Merck Serono Launches Glucophage Powder in First European Countries
By Prne, Gaea News NetworkMonday, May 4, 2009
GENEVA - Innovative Powder Formulation of Metformin Designed to Facilitate Adherence by Increasing Patient Choice in the Treatment of Type 2 Diabetes, Now Available in France and the United Kingdom
Merck Serono, a division of Merck KGaA, Darmstadt, Germany, today announced that Glucophage(R) Powder for Oral Solution in Sachets, (metformin hydrochloride in 500mg, 850mg and 1000mg strengths) indicated for the first-line treatment of type 2 diabetes mellitus, is now licensed in France and the United Kingdom(1), the first European countries to launch this new formulation of Glucophage. Launches in other European countries are expected to take place in the coming months, once individual marketing authorizations are granted.
Bioequivalent to the existing Glucophage tablets, the new powder formulation is packaged in individual sachets of 500mg, 850mg and 1000mg.(1) Glucophage powder can be easily dissolved in water to produce a clear to slightly opalescent solution.
“Adherence to therapy is increasingly being recognized by physicians as a key condition to achieve glycaemic control for patients with diabetes,” said Roberto Gradnik, Executive Vice President Commercial Europe at Merck Serono. “We are pleased to provide this innovative powder formulation of Glucophage to patients seeking a convenient alternative to tablets which may facilitate their adherence to treatment.”

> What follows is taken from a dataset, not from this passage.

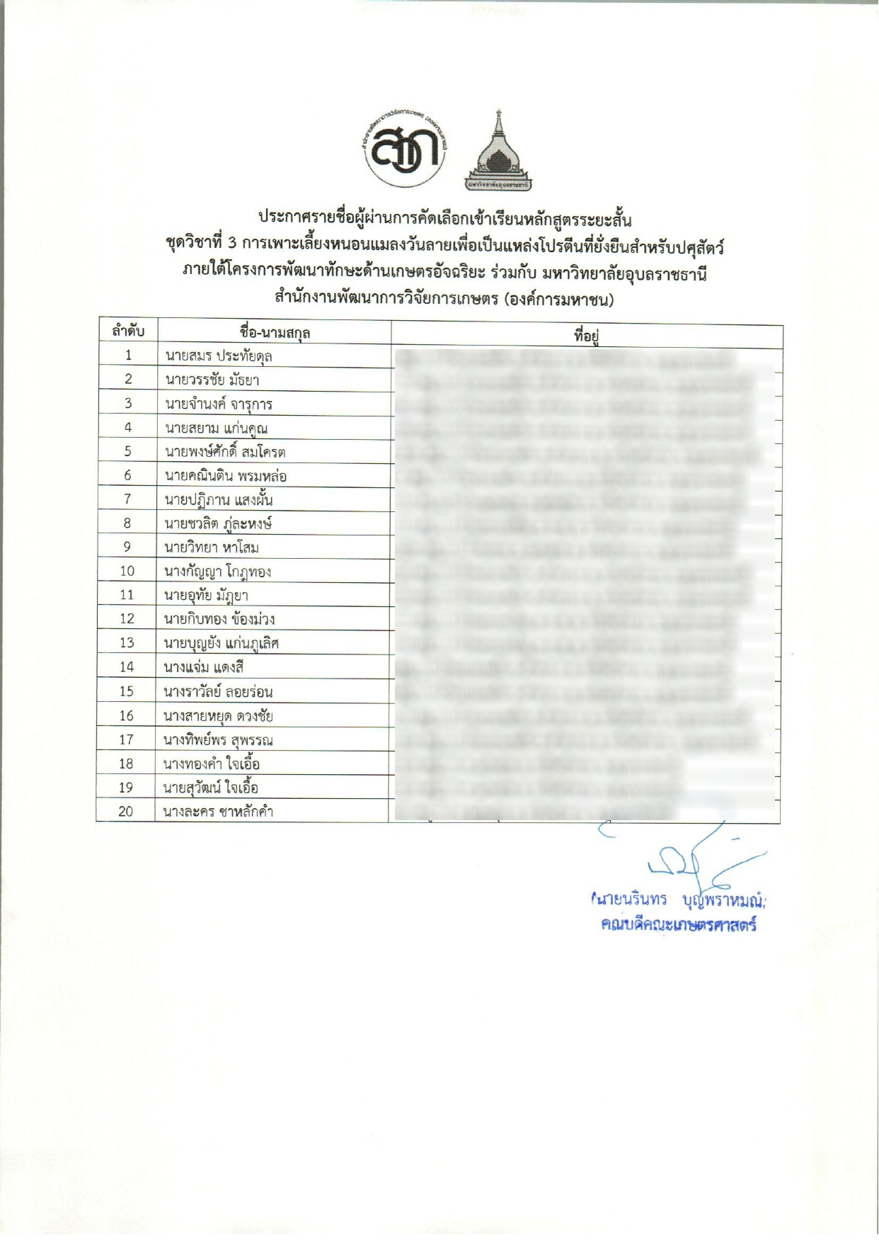 - ประกาศรายชื่อผู้ผ่านการคัดเลือกหลักสูตรระยะสั้น ชุดวิชาที่ 3 การเพาะเลี้ยงหนอนแมลงวันลายเพื่อเป็นแหล่งโปรตีนที่ยั่งยืนสำหรับปศุสัตว์ ภายใต้โครงการพัฒนาทักษะด้านเกษตรอัจฉริยะ ร่วมกับ มหาวิทยาลัยอุบลราชธานี สำนักงานพัฒนาการวิจัยการเกษตร (องค์การมหาชน)

The International Diabetes Federation (IDF) estimates that diabetes currently affects 246 million people worldwide, representing roughly 6% of the adult population; this number is expected to rise to 380 million by 2025. Type 2 diabetes constitutes about 85% to 95% of all diabetes cases in developed countries and accounts for an even higher percentage in developing countries. The IDF recommends that metformin remains a drug of choice for first-line therapy of type 2 diabetes.(2)

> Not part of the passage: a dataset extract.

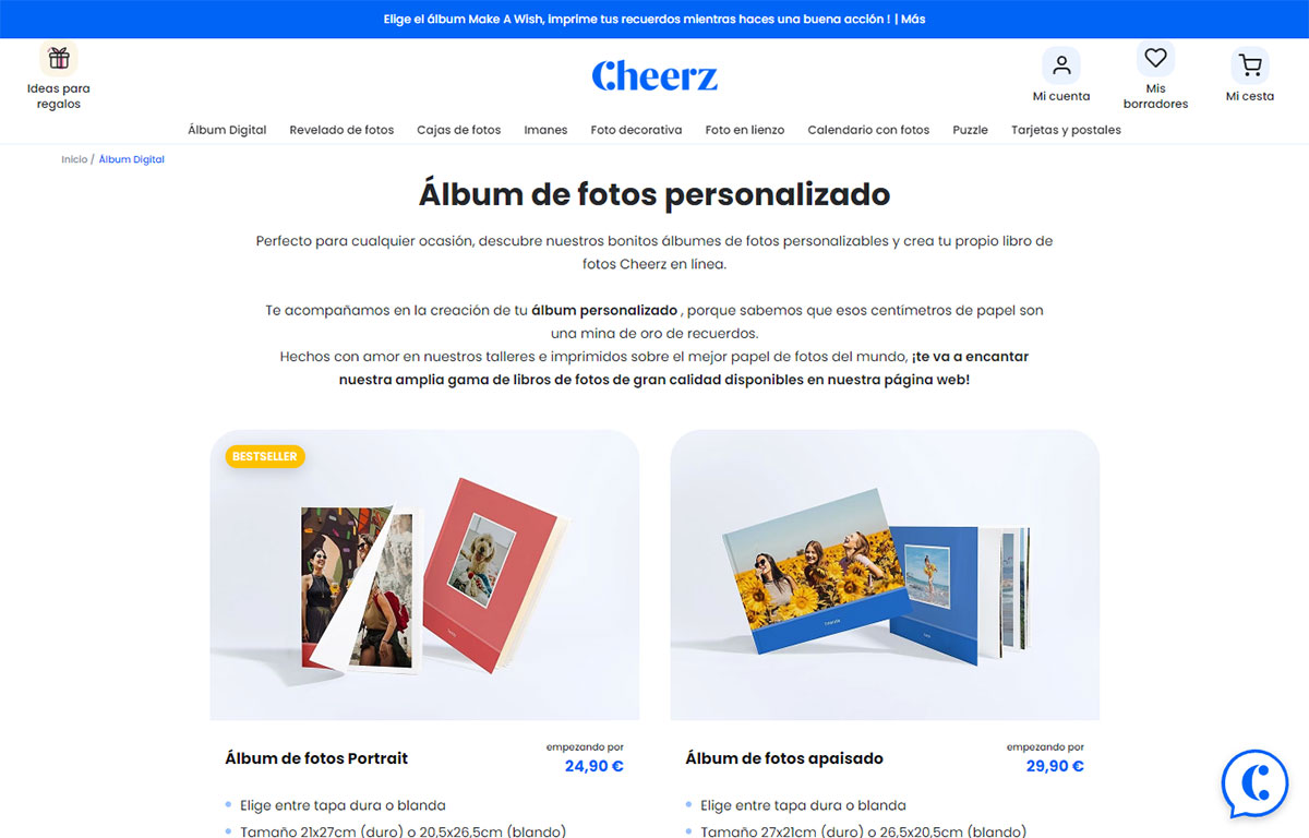 Cheerz es otra de las webs en las que se puede confeccionar un álbum de fotos personalizado de una forma fácil, rápida y sencilla. Algunos de los modelos más destacados del catálogo de esta compañía es la siguiente:

The American Diabetes Association (ADA) and the European Association for the Study of Diabetes (EASD) advise that metformin therapy should be initiated concurrently with lifestyle intervention at diagnosis of type 2 diabetes.(3) However the current therapeutic indication for Glucophage remains the treatment of type 2 diabetes mellitus, particularly in overweight patients, when dietary management and exercise alone does not result in adequate glycaemic control.
References
(1) In the United Kingdom, Glucophage(R) Powder for Oral Solution in Sachets is available in 500mg and 1000mg strengths only.
(2) International Diabetes Federation, Global Guideline for Type 2 Diabetes, accessed via: www.idf.org/webdata/docs/IDF%20GGT2D.pdf
(3) Nathan DM et al., Medical Management of Hyperglycemia in Type 2 Diabetes: a Consensus
Algorithm for the Initiation and Adjustment of Therapy, Diabetes Care 2009, 32:193-203
About Glucophage(R) (metformin hydrochloride)
Glucophage(R) has been approved worldwide as a first line treatment of Type 2 diabetes. It belongs to the biguanide class of molecules, which decrease glucose production by the liver. A primary objective of type 2 diabetes treatments is to correct the dual effects of tissue unresponsiveness to insulin (insulin resistance) and insulin deficiency arising from impaired functioning of the beta cells in the pancreas that make insulin. Metformin corrects insulin resistance by making tissues, such as the liver and muscle, responsive to insulin. This way, patients get less “in-house” glucose production in the liver and better glucose uptake into muscle, where it is stored as glycogen or burnt off to produce energy. The net result is restoration of normal glucose levels.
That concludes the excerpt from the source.